Major General Mohammad Hossein Baqeri, the Chief of General Staff of Iran’s Armed Forces, said the March agreement stipulated that these groups be disarmed by September 19 but this has not happened yet.  

“What happened during this six-month respite was that [they] just distanced a bit from the borders of our country,” he said while thanking the Iraqi government for its efforts to disarm the separatists.

He was speaking on the sidelines of a Friday military parade marking the beginning of the National Holy Defense Week.

“The president said that the armed forces give [them] a few days. We will wait for several days and we will send observer teams to this region to see if the disarming is completed or not. After that, we decide what to do,” he said.

General Baqeri stressed all the terrorist groups should be disarmed and relocated.

“The president said separatist terrorists' armed forces should not be present in the Kurdistan region and all of Iraq.
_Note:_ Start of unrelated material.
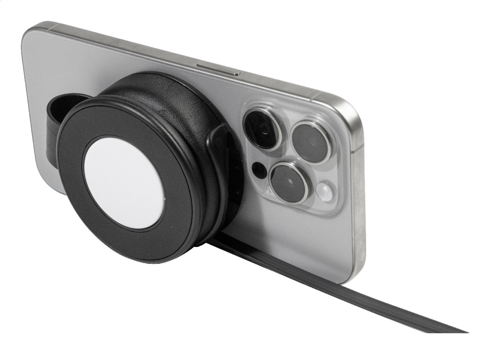 Luxusná skladacia bezdrôtová nabíjacia sada z recyklovanej PU kože s magnetickou bezdrôtovou rýchlonabíjačkou (15 W), sekundárnou bezdrôtovou nabíjačkou (2,5 W) pre chytré hodinky (Apple® a Samsung®) a vstavaným teleskopickým nabíjacím káblom USB-C. Vrátane samolepiaceho kovového krúžku na použitie magnetickej funkcie na akomkoľvek bezdrôtovo nabíjacom zariadení. Kompatibilný s iPhone® 12 alebo novším.

These terrorists should be fully disarmed and get expelled from Iraq,” he said. 

Iraqi officials have in recent days reported that government forces have gained full control over all border points with neighboring Iran and the terrorists have been evacuated from the border regions.

Iraq’s defense minister Thabet Muhammad Saeed al-Abbasi on Tuesday told the Saudi broadcaster Al Arabiya that the presence of Kurdish groups operating against Iran has been limited to five camps inside Iraq.
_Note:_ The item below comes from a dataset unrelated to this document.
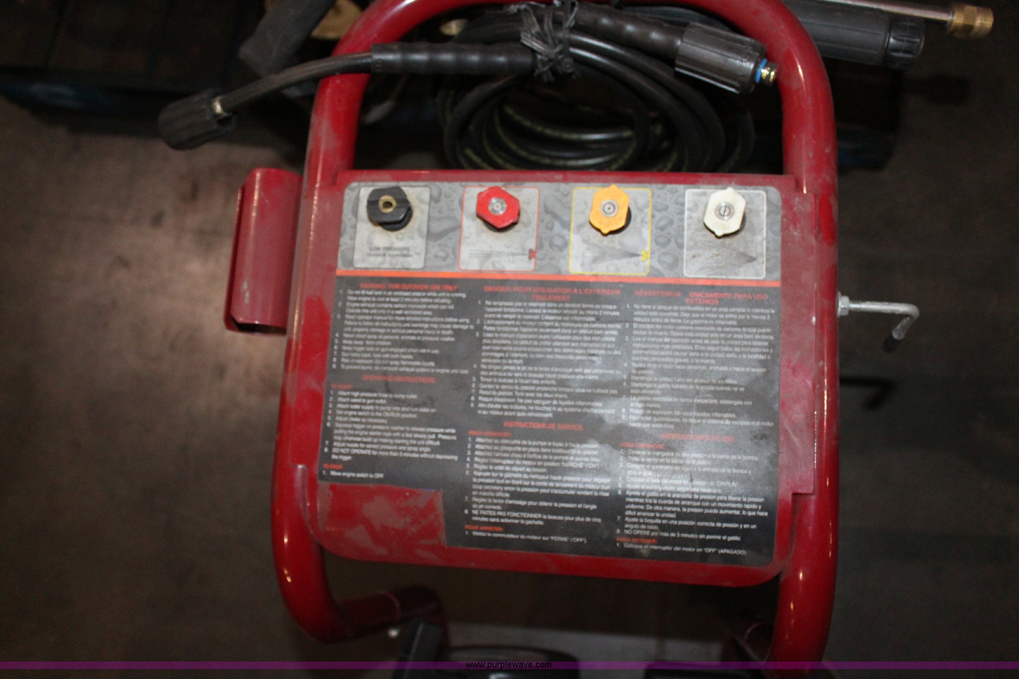 Purple Wave is selling a used Tools in Kansas. This item is a Coleman Powermate pressure washer with the following: Gas engine, 2.3 gpm, 2,400 psi, Wand and hose

Iraqi authorities have repeatedly stressed Baghdad is committed to the security agreement with Iran.

The presence of Kurdish terrorist groups, including the Kurdistan Democratic Party, Komala, Kurdistan Free Life Party, and the Kurdistan Freedom Party, has been a source of tension between Iran and Iraq for years, with these groups often carrying out terrorist attacks on Iranian soil.

Following last year’s riots, triggered by the death of Iranian woman Mahsa Amini, these groups intensified their subversive operations against Iran and smuggled weapons to their local agents.

That prompted Iran to push Iraq to put an end to terrorist activities of the anti-Iran groups, leading to the March agreement.